# Newest addition to the fleet.



## Scruggspc (Mar 20, 2013)

Just getting done with her. I planned to have it done before the fall run started but I'm going to catch the tail end this weekend.


----------



## MrFish (Aug 21, 2009)

Man, that is sweet! I don't know much about sticking flounder, but I want to take that bad boy out!


----------



## BirdNest (Jul 25, 2013)

that thing is BEAUTIFUL:notworthy:


----------



## tbaxl (Mar 13, 2013)

Now that is a duck boat. Nice job.


----------



## Night Wing (May 16, 2011)

Nice. Very nice. :thumbsup:


----------



## johnsonbeachbum (Oct 1, 2007)

Very nice indeed! :thumbsup:

Is the canopy going to be palm fronds?


----------



## Flounder9.75 (Sep 28, 2007)

I see several possible uses for that rig other than just chasing Flounders.


----------



## Scruggspc (Mar 20, 2013)

Like stated above it's not just for floundering. We plan to do some bowfishing, duck hunting, eco tours, etc.. it was a fun build from scratch.


----------



## lobsterman (Sep 30, 2007)

Scruggspc said:


> Like stated above it's not just for floundering.
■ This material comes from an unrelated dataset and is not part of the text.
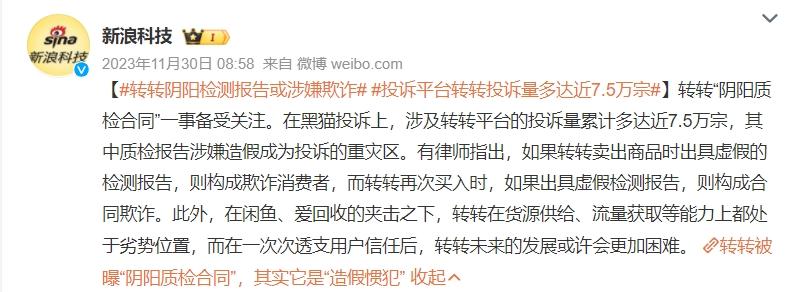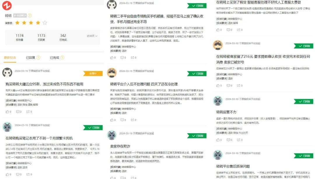 作者 | 姚悦 编辑 | 趣解商业 “在转转租手机堪比高利贷”“趣租机利息达本机价值的49%”“说逾期就付全款,还给通讯录所有好友打电话发短信,对生活造成很大影响”“二手手机官方验机报告和实际情况严重不符”……许多消费者在“黑猫投诉”平台上发起这样的投诉。 在“黑猫投诉”平台上,二手电商“转转”近30天的投诉量就已经超过1100条,累计投诉量有近80000条。 ![]() 图片来源:黑猫投诉截图 另据“网经社”旗下电商大数据库“电诉宝”监测数据显示,2023年转转共获得17次消费评级,3次为“谨慎下单”,14次为“不建议下单”。 ![]() 图片来源:电诉宝 2023年,正是“转转”真正意义上的转型升级头一年。二手电商行业整体增量减速,玩家一边拓展业务边界,一边发力存量变现。2022年11月,行业“三巨头”之一的转转宣布转型升级,打出“循环经济产业公司”的前沿概念。 现在看来,“转转”转型这一年来,一边“高调”地介入到交易环节中;另一边则“低调”地扩张金融业务。然而,这两方面,却同时使转转招致颇多争议,典型如其“趣租机”业务被指“明租实贷” ,还有被网友实锤“阴阳合同”事件。 二手电商玩家竞争日趋白热化,“三巨头”其二的闲鱼、爱回收各自长板突出,“新玩家”抖音、快手“携流量”来势不弱。高呼“二手拯救世界”的转转,会拿什么“拯救”自己? 01.“趣租机”被指“明租实贷” 近一年,关于转转“金融业务”的消息逐渐增多;其中,就包括转转在平台“我的钱包”功能中上线的类金融产品“趣租机”,该模式为“以租代购+到期续租/买断”。平台介绍其提供优质3C数码租赁服务,但却逐渐陷入“明租实贷”的舆论中。 在“黑猫投诉”平台上搜索“趣租机”,出现370余条相关投诉;其中有不少消费者投诉指向“趣租机”疑似“高利贷”。 2月8日,就有消费者在黑猫投诉上发起投诉称:“趣租机利息过高,新机发售时我租赁的这台机器的配置的发售价格是6100,租机价格全款是9632,不考虑折价的问题,利息高达本机价值的49%。” ![]() 图片来源:黑猫投诉截图 3月15日,“趣解财经”在转转APP上看到,99新的iPhone 14 Pro是“趣租机”上“最火”的iPhone产品,已租2.7万台。以国行金色256G版本为例,租期12个月,首月租金335元,后续每月455元;如果租赁期满后,可以选择直接归还、续租或支付尾款买断,买断价格为2795元。 照此计算,该款手机用“趣租机”租赁12个月的花费为(首月335元+455元x11个月+到期后2795元买断价),即8950元;而8950元已经超过了 iPhone14Pro (256G)的发售价8899元。 而在转转的二手交易页面,99新的iPhone 14 Pro (国行金色256G版本),最高价7228元,最低价6018元。如果参考这个价格,转转“趣租机”12个月的利息约占本金的24%-49%。而且,二手交易页面下,还有一定满减和补贴,且多数有“分三期免息”;对比下来,“趣租机”的相对利息会更高。 ![]() 图片来源:转转APP截图 从模式上来看,“趣租机”和“分期购手机”几乎没什么区别,但在利息的计算上明显更加复杂,甚至很多比平台分期购手机的综合利率要高。 除了利息高,黑猫投诉上,还有不少用户反映“趣租机”存在“暴力催收”的现象。 2月20日,有消费者在“黑猫投诉”平台上发起投诉称,“在转转租赁一个手机,期间逾期一段时间打电话,发短信恐吓,网暴通讯录。逾期解决过后,打电话说逾期就付全款,同时给通讯录所有好友打电话发短信,对生活造成很大影响。” ![]() 图片来源:黑猫投诉截图 据“趣解商业”了解,早在2019年左右,转转就开启了“消费贷”的互联网金融之路。最先在平台上线的是分期商城,后“低调”升级为“发条分期”和“发条借钱”;之后,转转的金融业务一直未停止。 当前,除了“趣租机”,在转转APP页面“我的钱包”类目下,还有发条借钱、发条分期、借钱优选、安逸花等金融产品;除了安逸花为马上消费旗下网贷品牌,发条借钱、发条分期、借钱优选均为网贷超市,再次为其他网贷产品引流。 ![]() 图片来源:转转APP截图 发条借钱与桔多多、钱小乐、豆豆钱、小赢卡贷四家网贷平台合作,在相应页面显示“大牌合作、正规机构、专业服务、安全合规”;但在“黑猫投诉”平台上,桔多多、豆豆钱、小赢卡贷各也有大量消费者投诉。 以桔多多为例,在“黑猫投诉”平台上搜索“桔多多”关键词,有累计超17000条投诉,其中涉及“暴力催收”、“扣高额费用”、“利息不合理”、“泄露隐私”等问题。新媒体“WEMONEY研究室”就曾在2022年报道指出,桔多多APP借款被用户质疑会员费就是变相的服务费,抬高了用户的借贷利息,有的借贷年化利率超36%。 ![]() 图片来源:黑猫投诉截图 中国企业资本联盟副理事长柏文喜表示,那些提供贷款信息、产品比较或者链接到其他贷款服务的平台,可以称为导流平台;在国内,这样的平台在法律上有一定的责任和义务,特别是在保护消费者权益方面。“例如,如果导流平台在推荐贷款服务之前未进行适当的审查,或者知道贷款平台存在问题但仍然推荐,可能会被认为存在过失。” 有网友曾调侃“互联网的尽头是金融”,对于积淀了一定流量的转转来说,选择涉足金融业务也在情理之中。但值得注意的是,据天眼查显示,转转运营主体北京转转精神科技有限责任公司拥有的13项行政许可中,尚没有看到金融相关牌照。 02.“阴阳合同”暴露模式问题 如

We plan to do some bowfishing, duck hunting, eco tours, etc.. it was a fun build from scratch.


*" ******* Yacht Club "*


----------



## lobsterman (Sep 30, 2007)

Awesome looking sled by the way.


----------



## Boardfeet (Sep 27, 2007)

Two or three guys on the bow with cast nets could F*#@% up a school of Mullet!
Really Nice job there:notworthy::notworthy:


----------